If a key does not start with '?', '!' or '~', it is required, as if '!' is prepended.
:param value: the value to be checked. It is guaranteed that this value is not modified.
:return: the checked and converted value. An exception is raised (usually TypeMismatchException) when `value` is not in `type`. The returned
result may contain objects from `value`.
Some examples::
>>> check_type("abc", str)
'abc'
>>> check_type([1,2,3], [int])
[1, 2, 3]
>>> check_type((1,2,3), [int])
[1, 2, 3]
>>> check_type(1, ())
1
>>> check_type([[]], ())
[[]]
>>> check_type(None, ())
Traceback (most recent call last):
...
TypeMismatchException: None cannot match type ()
>>> check_type([1,2,"abc"], [int]) # doctest: +ELLIPSIS
Traceback (most recent call last):
...
TypeMismatchException: 'abc' cannot match type <... 'int'>
>>> check_type("abc", [str])
['abc']
>>> check_type(None, str) # doctest: +ELLIPSIS
Traceback (most recent call last):
...
TypeMismatchException: None cannot match type <... 'str'>
>>> check_type(None, (str, None)) is None
True
>>> check_type([1,2,"abc",["def","ghi"]], [(int, [str])])

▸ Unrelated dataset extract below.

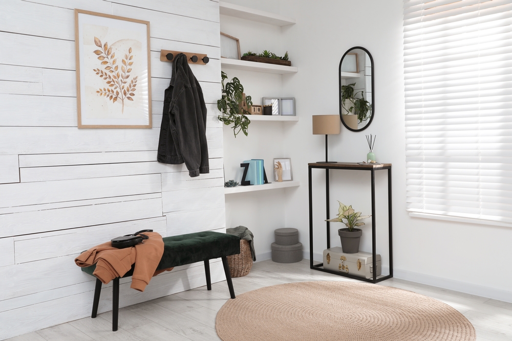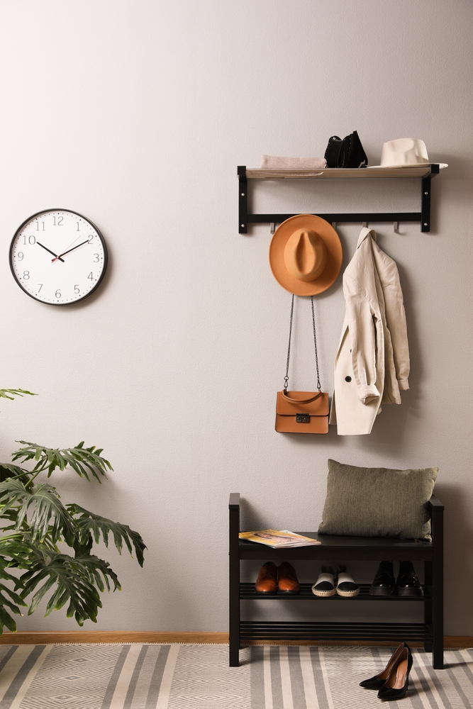 When your real estate is less of an estate and more of an apartment, you have to use every inch wisely! The bench and hook shelf combo serves the function of a hallway tree, but is a bit smaller and could be partially DIY-ed to save money. To get even more creative, this homeowner could replace the clock with a mirror and a floor lamp for more dimension and lighting.
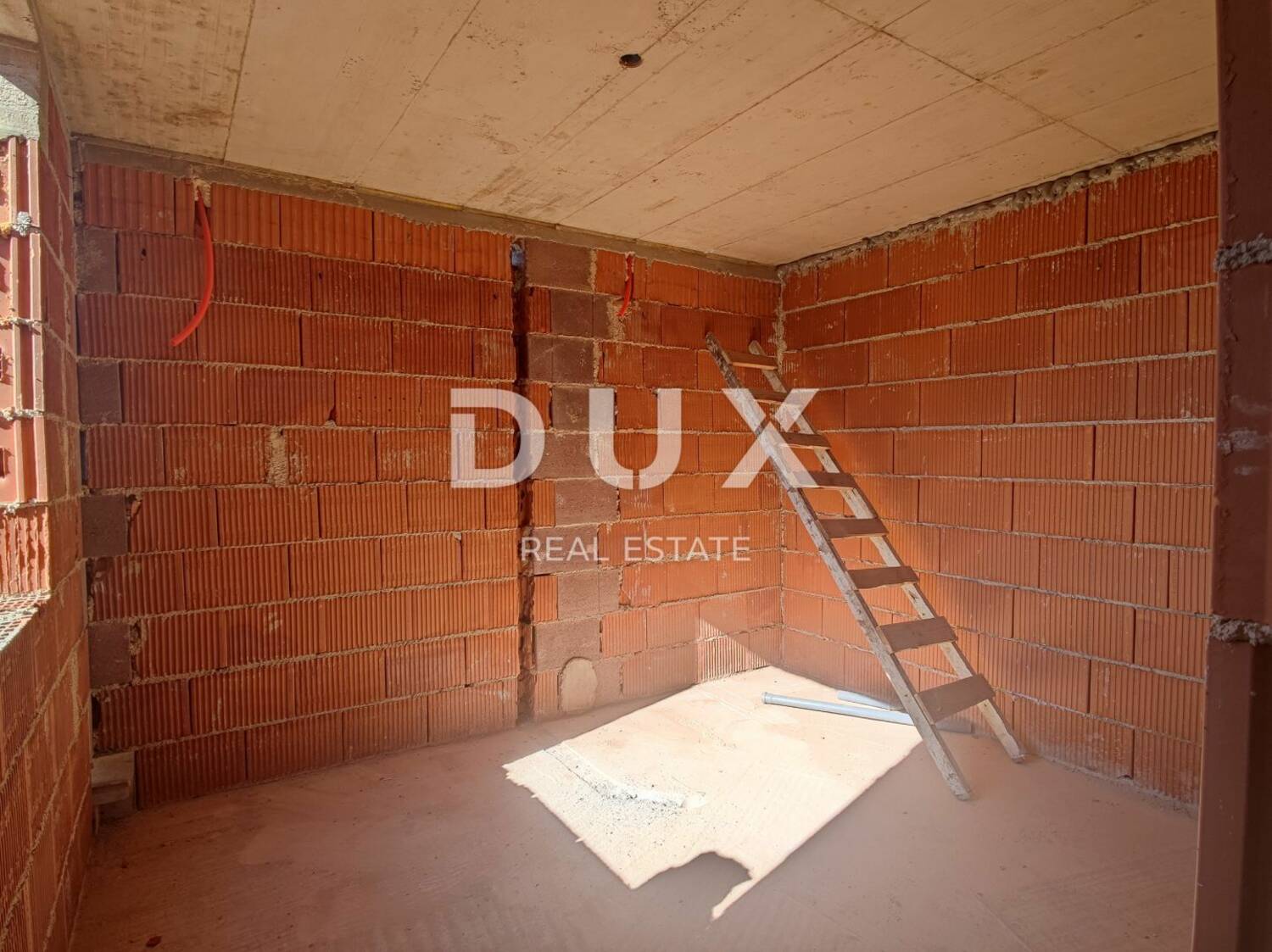 Ovaj lijepi apartman smjestio se na lijepoj lokaciji, na oko 500 metara od mora. Ima oko 60 m2 i nalazi se u novogradnji na drugom katu. Sastoji se od kupaonice, dvije spavaće sobe, kuhinje s blagovaonicom i dnevnim boravkom iz kojih se kroz staklenu stijenu izlazi na veliki balkon s lijepim pogledom na more. Pripadaju mu dva parkirna mjesta koja se nalaze na okućnici objekta. Apartman ima podno grijanje, a hlađenje je riješeno putem klima uređaja. U objekt su ugrađeni visoko kvalitetni materijali, a planirani završetak izgradnje je sredina 2024. godine.

[1, 2, ['abc'], ['def', 'ghi']]
>>> check_type({"abc":123, "def":"ghi"}, {"abc": int, "def": str}) == {"abc":123, "def":"ghi"}
True
>>> check_type({"abc": {"def": "test", "ghi": 5}, "def": 1}, {"abc": {"def": str, "ghi": int}, "def": [int]}) == {"abc": {"def": "test", "ghi": 5}, "def": [1]}
True
>>> a = []
>>> a.append(a)
>>> check_type(a, a)
[[...]]
>>> r = _
>>> r[0] is r
True
>>> check_type(1, None)
Traceback (most recent call last):
...
TypeMismatchException: 1 cannot match type None
>>> check_type(a, ())
[[...]]
>>> check_type(True, int) # doctest: +ELLIPSIS
Traceback (most recent call last):
...
TypeMismatchException: True cannot match type <... 'int'>
>>> check_type(1, bool) # doctest: +ELLIPSIS
Traceback (most recent call last):
...
TypeMismatchException: 1 cannot match type <... 'bool'>
>>> check_type([1], [list]) # doctest: +ELLIPSIS
Traceback (most recent call last):
...
TypeMismatchException: 1 cannot match type <... 'list'>
>>> check_type(1, 1)
Traceback (most recent call last):
...
InvalidTypeException: 1 is not a valid type: Unrecognized type
>>> my_type = []
>>> my_type.append(([str], my_type))
>>>
>>> my_data = ["abc"]
>>> my_data.append(my_data)
>>>
>>> check_type(my_data, my_type)
[['abc'], [...]]
>>> r = _
>>> r[1] is r
True
>>> my_type = {}
>>> my_type["abc"] = my_type
>>> my_type["def"] = [my_type]
>>> my_data = {}
>>> my_data["abc"] = my_data
>>> my_data["def"] = my_data
>>> r = check_type(my_data, my_type)
>>> r['abc'] is r
True
>>> r['def'][0] is r
True
>>> my_obj = []
>>> my_obj2 = [my_obj]
>>> my_obj.append(my_obj2)
>>> my_obj.append(1)
>>> my_type = []
>>> my_type.append(my_type)
>>> check_type(my_obj, (my_type, [(my_type, int)])) # doctest: +ELLIPSIS
Traceback (most recent call last):
...
TypeMismatchException: [[[...]], 1] cannot match type ([[...]], [([[...]], <... 'int'>)])
>>> my_type = []
>>> my_type.append(my_type)
>>> check_type(1, my_type)
Traceback (most recent call last):
...
TypeMismatchException: 1 cannot match type [[...]]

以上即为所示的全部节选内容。